Tim tilted his head the other way, and considered his response, rolling the words about his mouth like he would a bit of gristle. “If you’re talking about Bruce,” he said, watching the boy with keen fox eyes, seeing him startle when Tim spoke in words instead of growls, “Then I suppose I am. I wouldn’t be a very good cuckoo if I let other birds into the nest.”

The boy nodded, and there was silence in the forest until he spoke again. “And what of Cain? You do not seem to mind her presence in the Manor.”

Tim snorted, and laughed. Silly humans. Why would Cass be a problem? “She’s a weapon, not a bird. I’m not a bird either, not really, but we both pretend. It makes Bruce happy.”

Tim rolled over, happy to sprawl in the sun as the boy chewed on his answer. When he next spoke, his voice was louder, and Tim opened his eyes to find he’d moved into the clearing - still loose, still open, but sitting closer now.

“I am Bruce’s blood son, Damian. I-“ he hesitated, but seemed to steel himself before meeting Tim’s fox eyes. “I would like to ask your permission to live in your territory, so I may learn from my father.”

Tim rolled to his stomach and gave the boy his full attention. He met Tim’s gaze head-on, unflinching, and so Tim smiled at him. Not the friendly, human mask-smile he showed Bruce, but equally not the vicious joy he wore after a fight. Something in between. “It’s not my territory, it’s Bruce’s,” he said, waving an airy hand, “And anyway, I’m not the sort of cuckoo to push eggs out of the nest. Not when they haven’t given it up themselves, yet.”

Damian nodded, and stood, and bowed. “Thank you for your generosity, Timothy,” he hesitated, “Do you wish to return to the Manor together?”

And so Tim rolled to his feet and they exited the daytime woods, side by side.

Damian was human - he had a mother who loved him, who spoke to him, who raised him, however much she hurt him as well. He was not a weapon, he was not an animal, he had masks as Bruce did, but not as Tim and Cass do. But he cared for them all the same - helped Cass keep herself sharp, let Tim curl up in his lap and pet him, and asked neither of them to speak in human words. It calmed Bruce to see them together, even if their preferred quiet worried him still. Damian’s menagerie grew, and sometimes Tim brought him fox kits, alley kittens, newborn fawns sick with things the forest could not heal. He was human, but a human who respected those who were not.

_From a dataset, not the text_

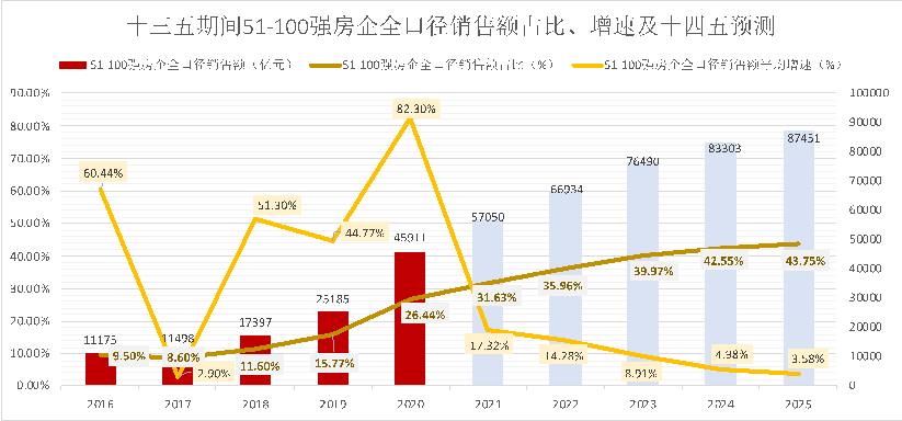 預計51-100強房企銷售額會在十四五期間繼續保持增長,但是隨著大盤子的增速放緩以及50強房企的規模擠壓,增速會呈現回落,但份額依然有穩步做大的空間。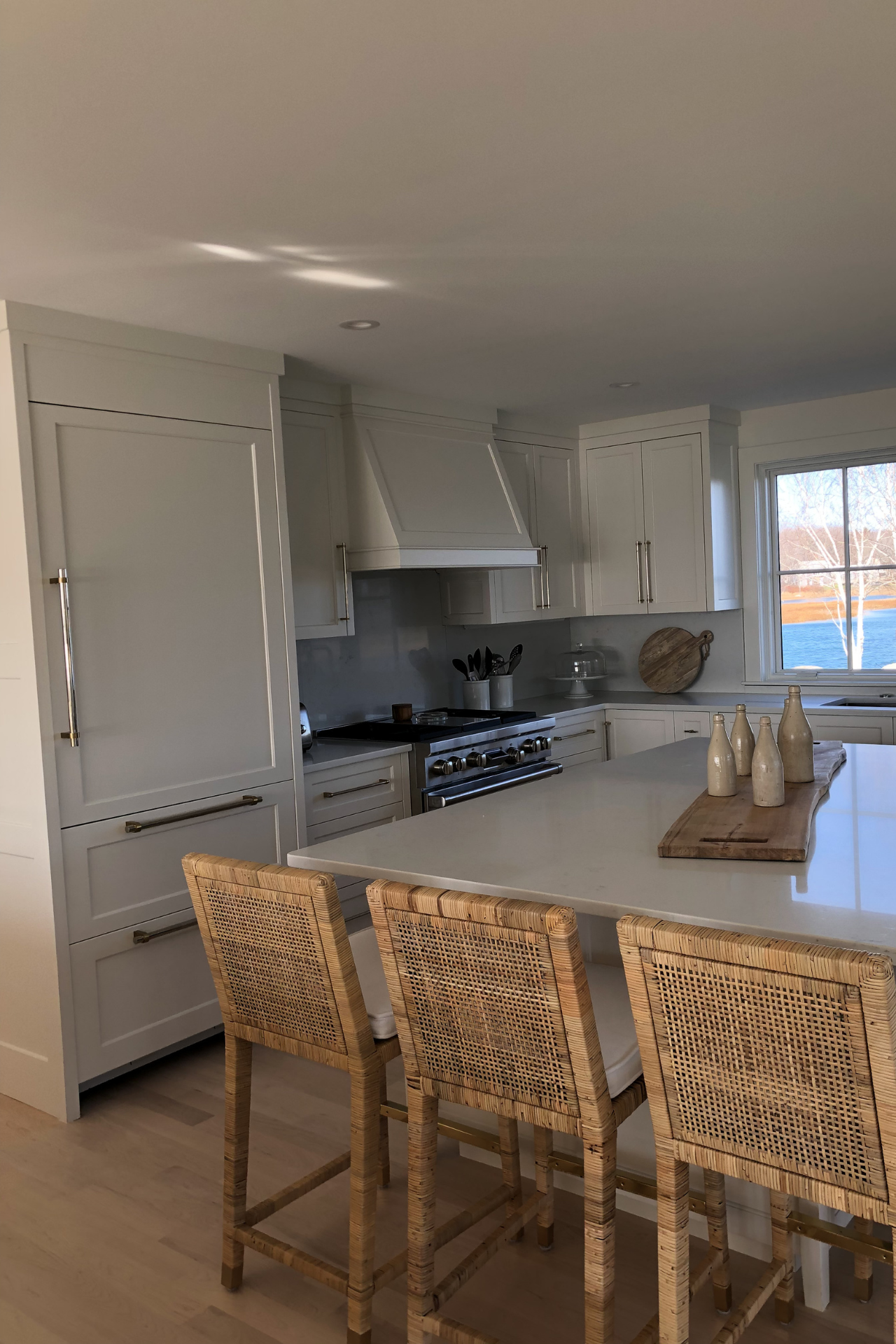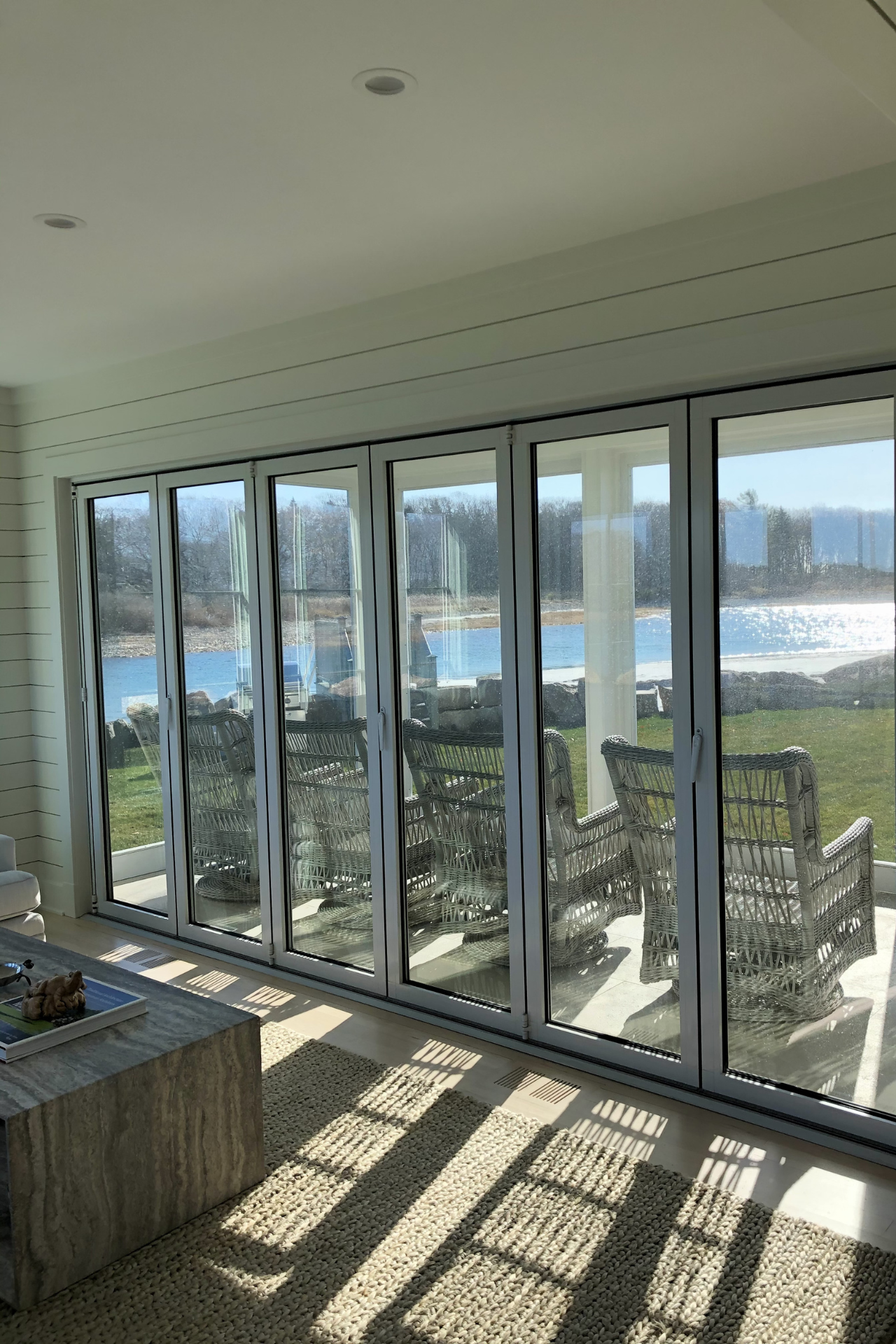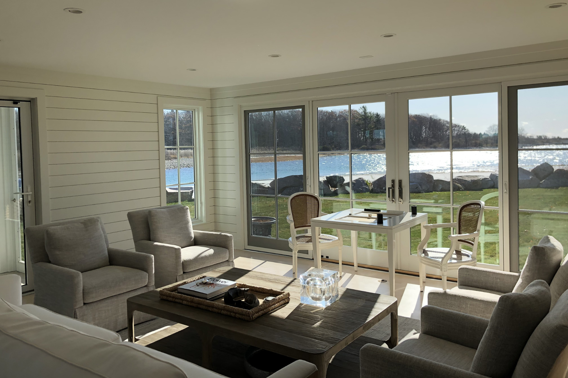 Paddy Creek Builders redid the facade of this beautiful beach and riverfront home, adding new windows and french doors, SBC cedar siding, PVC trim, nana walls, slate roof, kitchen, and bathroom remodel to complete this project.

So when ninja began to slip through the shadows of Gotham, when whispers sounded through the streets and the alleycats told him of a man with green-glowing eyes who smelled of death, Tim watched with his fox’s eyes, and grinned with sharp, sharp teeth. He may be a cuckoo, but he was also a fox, and Damian was his. Tim had no objections to ripping out throats to keep him.

Notes:

Highlight from my beta’s comments: “NARCS don't be a little bitch!!! what does it matter to u youre a RAT a LITERAL RAT”

 

AU where Damian does try to kill Tim and they end up at a standoff with Tim trying to cuckoo him out of the manor, until Damian catches him playing with his menagerie one day and does a full 180 from “enemy human” to “ah, this is an animal” and Tim’s a bit confused by the change but Damian turns up the disney princess charm and soon Tim is literally eating out of the palm of his hand. Bruce is really concerned about Damian treating Tim like an animal and the fact that Tim seems okay with this, but at least they’re not killing each other anymore????